Our model has been trained on the entire dataset, so we can evaluate the performance of the network on the same dataset. This will only give us an idea of how well we have modeled the dataset (e.g. train accuracy), but no idea of how well the algorithm might perform on new data.

The model can be evalueted usning evaluation() function on your model and pass it the same input and output used to train the model. This will generate a prediction for each input and output pair and collect scores, including the average loss and any metrics you have configured, such as accuracy.

# evaluate the model
scores = model.evaluate(X, Y)

# print accuracy
print("\n%s: %.2f%%" % (model.metrics_names[1], scores[1]*100))

Since this is still introductionary example same data has been used for traning and evaluation, but in in future we will separate data into train and test datasets for the training and evaluation of your model.

The whole process can be executed with command:

# from ./mlp
python mlp.py

By running above command, you should see a message for each of the 100 epochs, printing the loss and accuracy for each, followed by the final evaluation of the trained model on the training dataset.

After 100 epochs we reached accuracy of the approx 86%.

Epoch 98/100
10000/10000 [==============================] - 5s 454us/step - loss: 0.3351 - acc: 0.8628
Epoch 99/100
10000/10000 [==============================] - 3s 345us/step - loss: 0.3345 - acc: 0.8614
Epoch 100/100
10000/10000 [==============================] - 3s 324us/step - loss: 0.3341 - acc: 0.8634

So we have implemented network which solves real problem of predicting will concrete customer leave or stay in the bank.

Experiment

Try to change network with adding more layers, play with number of nodes(do not change size of the input and output nodes), change optimizers e.g. adam, rsmprop, sgd., change number of epochs. After every change run command:

# from ./mlp
python mlp.py

and check the results.

Summary

As you can see, during a process of finding appropriate neural network for specific problem, we need to make a lot of decision and continuously repeat following steps:

Idea -> Code -> Experiment Idea -> Code -> Experiment Idea -> Code -> Experiment

During mentioned process, we also need to make lot of decision, like:

choose variables from dataset(feature engineering)
define architecture of the neural network
define number of layers
define number of neurons in each layer
decide on activation function for each layer
choose optimization algorithm
choose loss function
split dataset into training/test/validation sets
define batch_size
define number of epochs
keep a track of the accuracy and loss during training phase
evaluate the model
save/load a model

In a next chapter we will show you how Keras helps us in order to easily implement mentioned steps.

Deep Learning Models

Keras Models

Idea behined Keras is to be user friendly, modular, easy to extend.
The API is designed for human beings, not machines, and follows best practices for reducing cognitive load.
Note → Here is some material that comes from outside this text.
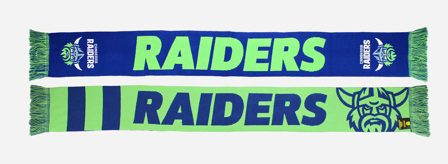 Stay warm in style with our reversible Canberra Raiders scarf. Featuring vibrant team names and crafted with high-quality jacquard knit, this scarf offers versatility with alternate designs and color schemes on each side. Defend yourself from the chill while showcasing your team pride!

Neural layers, cost functions, optimizers, initialization schemes, activation functions, and regularization schemes are all standalone modules that you can combine to create a models. New modules are simple to add, as new classes and functions.

Keras Model API is used to define neural network architecture by defining input layer, hidden layers, output layers, number of neurons in each layer, activation function for each layer etc.

The Model is the core Keras data structure. There are two main types of models available in Keras:

the Sequential API
the Functional API

Functional API offers advanced way for defining models. It allows you to define multiple input or output models as well as models that share layers.

Sequential API is simplier and it will be used in this chapter.

Sequential API

The easiest way of creating a model in Keras is by using the Sequential API, which lets you stack one layer after the other. The problem with the sequential API is that it doesn’t allow models to have multiple inputs or outputs, which are needed for some problems. Nevertheless, the sequential API is a perfect choice for most problems.

The fundamental data structure in neural networks is the layer. A layer is a data-processing module that takes as input one or more tensors and that outputs one or more tensors.

Different types of the layers are appropriate for different tensor formats and different types of data processing.

Vector data, stored in 2D tensors of shape (samples, features), is ussualy processed by densely connected layers, also called fully connected or dense layers (the Dense class in Keras).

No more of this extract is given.